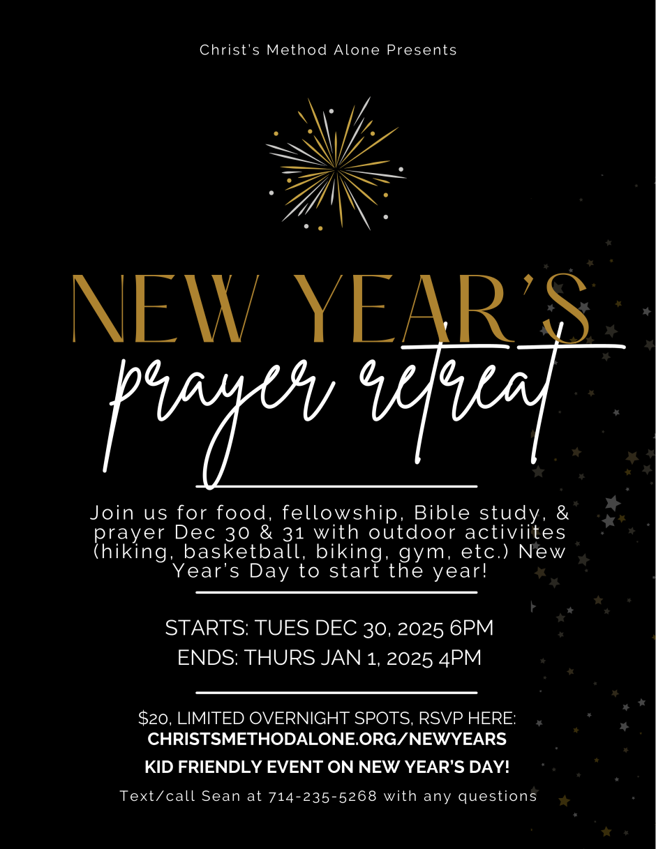 Scroll Below to Register for the Upcoming New Year’s Prayer Retreat Dec 30 2025-Jan 1 2026 Loading… Nov 7, 2024 | Posted by christsmethod | Comments Off on 2026 New Year’s Prayer Party
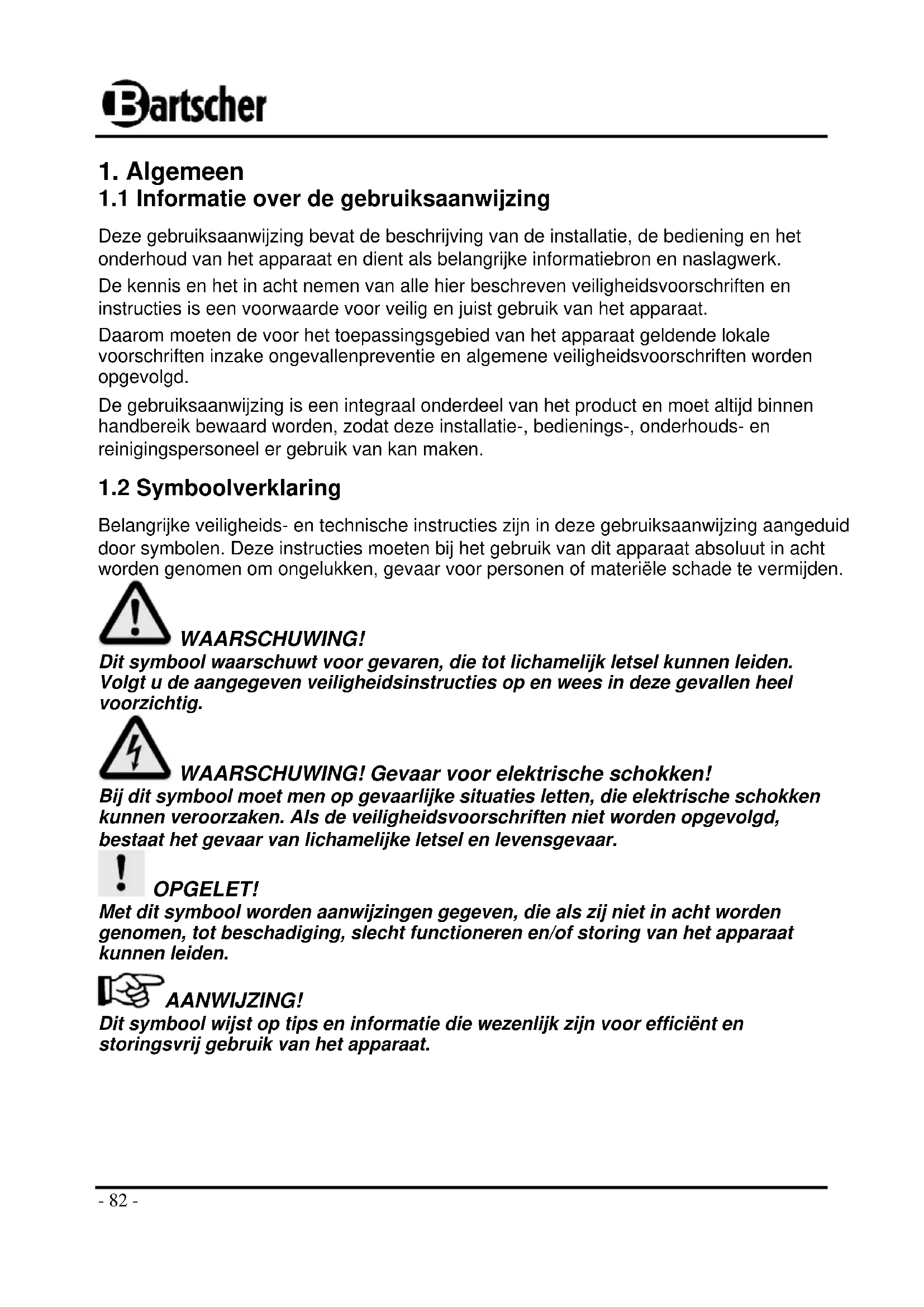 1.1 Informatie over de gebruiksaanwijzing
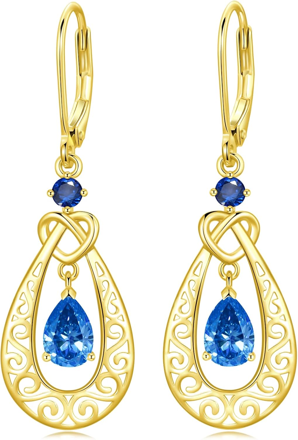 Teardrop Birthstone Dangle Drop Earrings Sterling Silver Infinity Filigree Leverback Earrings, Infinity Love Birthday Anniversary Jewelry Gifts for Her Women Mom Wife

## WHAT YOU WILL DO
Your reply should consist solely of the lines from the line containing "1.1 Informatie over de gebruiksaanwijzing" through the last line of the listing, unchanged and free of pictures.

## COMPLETED TASK
 1.1 Informatie over de gebruiksaanwijzing
 Teardrop Birthstone Dangle Drop Earrings Sterling Silver Infinity Filigree Leverback Earrings, Infinity Love Birthday Anniversary Jewelry Gifts for Her Women Mom Wife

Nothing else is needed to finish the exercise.